== BRIEF ==
Find the line in the entries below that contains "١- غرف للنوم". Repeat it exactly, and every line after it through the line that contains "Obraz premium Red".

──────── MATERIAL FOR THIS TASK

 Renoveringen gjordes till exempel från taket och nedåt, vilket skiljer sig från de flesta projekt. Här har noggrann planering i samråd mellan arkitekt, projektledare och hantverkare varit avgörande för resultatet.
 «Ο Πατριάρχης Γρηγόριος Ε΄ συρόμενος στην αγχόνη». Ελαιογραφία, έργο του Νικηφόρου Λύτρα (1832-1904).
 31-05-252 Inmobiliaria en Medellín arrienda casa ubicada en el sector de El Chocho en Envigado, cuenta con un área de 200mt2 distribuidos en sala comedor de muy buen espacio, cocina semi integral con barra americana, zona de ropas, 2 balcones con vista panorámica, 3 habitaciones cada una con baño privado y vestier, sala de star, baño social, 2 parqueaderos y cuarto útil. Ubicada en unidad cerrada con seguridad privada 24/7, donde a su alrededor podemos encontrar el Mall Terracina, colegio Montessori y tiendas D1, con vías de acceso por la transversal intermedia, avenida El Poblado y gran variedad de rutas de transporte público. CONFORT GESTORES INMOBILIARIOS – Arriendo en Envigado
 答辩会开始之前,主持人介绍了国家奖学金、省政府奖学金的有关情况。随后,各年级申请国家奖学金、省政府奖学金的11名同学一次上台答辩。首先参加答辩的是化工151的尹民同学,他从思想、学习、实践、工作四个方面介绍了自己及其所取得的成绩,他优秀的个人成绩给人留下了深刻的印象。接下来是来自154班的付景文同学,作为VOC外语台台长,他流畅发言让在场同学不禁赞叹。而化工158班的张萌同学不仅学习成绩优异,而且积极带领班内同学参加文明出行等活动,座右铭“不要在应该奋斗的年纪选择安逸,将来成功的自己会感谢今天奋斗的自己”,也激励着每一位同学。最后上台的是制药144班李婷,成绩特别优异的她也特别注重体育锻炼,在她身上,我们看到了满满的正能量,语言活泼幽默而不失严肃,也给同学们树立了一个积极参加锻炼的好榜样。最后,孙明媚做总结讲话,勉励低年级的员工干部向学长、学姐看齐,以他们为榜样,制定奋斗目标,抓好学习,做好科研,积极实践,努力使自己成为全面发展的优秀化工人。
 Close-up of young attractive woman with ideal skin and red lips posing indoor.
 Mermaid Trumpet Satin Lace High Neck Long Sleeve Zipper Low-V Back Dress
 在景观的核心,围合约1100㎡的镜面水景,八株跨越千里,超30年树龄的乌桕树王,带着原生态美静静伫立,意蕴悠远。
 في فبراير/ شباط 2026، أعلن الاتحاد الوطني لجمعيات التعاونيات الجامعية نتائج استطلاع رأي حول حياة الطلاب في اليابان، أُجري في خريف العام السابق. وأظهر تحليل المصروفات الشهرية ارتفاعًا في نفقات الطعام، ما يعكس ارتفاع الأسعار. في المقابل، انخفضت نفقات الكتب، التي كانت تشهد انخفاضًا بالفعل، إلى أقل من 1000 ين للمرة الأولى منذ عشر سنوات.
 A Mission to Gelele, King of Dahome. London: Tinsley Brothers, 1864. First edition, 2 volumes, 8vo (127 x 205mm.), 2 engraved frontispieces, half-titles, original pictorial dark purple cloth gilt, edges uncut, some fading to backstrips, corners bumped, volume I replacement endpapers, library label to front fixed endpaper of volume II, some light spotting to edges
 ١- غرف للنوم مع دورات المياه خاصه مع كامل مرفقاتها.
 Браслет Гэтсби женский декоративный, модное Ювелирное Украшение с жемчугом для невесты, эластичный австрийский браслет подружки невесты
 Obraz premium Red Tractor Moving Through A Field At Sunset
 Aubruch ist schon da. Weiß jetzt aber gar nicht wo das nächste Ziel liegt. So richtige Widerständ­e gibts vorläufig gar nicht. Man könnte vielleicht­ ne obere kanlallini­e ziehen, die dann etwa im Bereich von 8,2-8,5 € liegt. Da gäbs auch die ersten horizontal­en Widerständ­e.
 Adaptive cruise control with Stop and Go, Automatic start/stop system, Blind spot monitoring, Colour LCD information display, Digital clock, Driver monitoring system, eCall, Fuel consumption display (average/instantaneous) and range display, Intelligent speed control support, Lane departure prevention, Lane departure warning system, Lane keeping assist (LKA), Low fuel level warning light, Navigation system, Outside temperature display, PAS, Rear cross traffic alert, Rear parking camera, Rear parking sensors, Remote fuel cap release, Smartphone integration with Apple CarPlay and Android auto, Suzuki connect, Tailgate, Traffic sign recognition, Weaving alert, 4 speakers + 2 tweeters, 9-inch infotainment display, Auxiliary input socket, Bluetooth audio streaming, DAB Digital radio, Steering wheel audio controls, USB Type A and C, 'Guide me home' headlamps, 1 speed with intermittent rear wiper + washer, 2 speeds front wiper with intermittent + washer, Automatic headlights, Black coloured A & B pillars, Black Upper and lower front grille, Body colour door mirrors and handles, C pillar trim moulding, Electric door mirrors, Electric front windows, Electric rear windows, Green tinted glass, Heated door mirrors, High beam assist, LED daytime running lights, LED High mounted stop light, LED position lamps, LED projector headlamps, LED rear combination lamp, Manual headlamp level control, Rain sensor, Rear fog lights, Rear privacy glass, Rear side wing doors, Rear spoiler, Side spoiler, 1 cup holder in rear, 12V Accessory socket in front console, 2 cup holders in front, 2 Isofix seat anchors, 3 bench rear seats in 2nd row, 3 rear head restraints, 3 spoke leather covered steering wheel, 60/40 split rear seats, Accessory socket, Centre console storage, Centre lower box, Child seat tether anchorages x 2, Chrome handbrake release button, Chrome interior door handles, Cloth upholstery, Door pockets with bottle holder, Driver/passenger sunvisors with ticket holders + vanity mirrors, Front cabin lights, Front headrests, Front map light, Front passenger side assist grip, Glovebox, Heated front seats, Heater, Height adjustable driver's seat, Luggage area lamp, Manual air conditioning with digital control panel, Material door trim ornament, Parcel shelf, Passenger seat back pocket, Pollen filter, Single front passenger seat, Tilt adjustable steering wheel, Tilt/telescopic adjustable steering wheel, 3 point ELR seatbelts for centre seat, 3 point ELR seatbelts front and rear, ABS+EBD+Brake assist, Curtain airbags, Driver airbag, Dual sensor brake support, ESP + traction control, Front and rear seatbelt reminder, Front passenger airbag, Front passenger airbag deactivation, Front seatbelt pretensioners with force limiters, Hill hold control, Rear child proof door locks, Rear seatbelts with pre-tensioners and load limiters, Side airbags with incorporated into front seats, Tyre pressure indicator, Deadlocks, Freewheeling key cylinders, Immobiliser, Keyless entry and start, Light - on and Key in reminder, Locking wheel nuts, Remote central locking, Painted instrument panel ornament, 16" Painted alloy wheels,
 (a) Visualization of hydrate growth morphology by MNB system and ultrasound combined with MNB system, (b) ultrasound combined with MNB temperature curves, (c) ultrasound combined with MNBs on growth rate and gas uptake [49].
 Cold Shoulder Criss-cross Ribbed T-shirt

────────────────

== SOLUTION TO THIS PROBLEM ==
 ١- غرف للنوم مع دورات المياه خاصه مع كامل مرفقاتها.
 Браслет Гэтсби женский декоративный, модное Ювелирное Украшение с жемчугом для невесты, эластичный австрийский браслет подружки невесты
 Obraz premium Red Tractor Moving Through A Field At Sunset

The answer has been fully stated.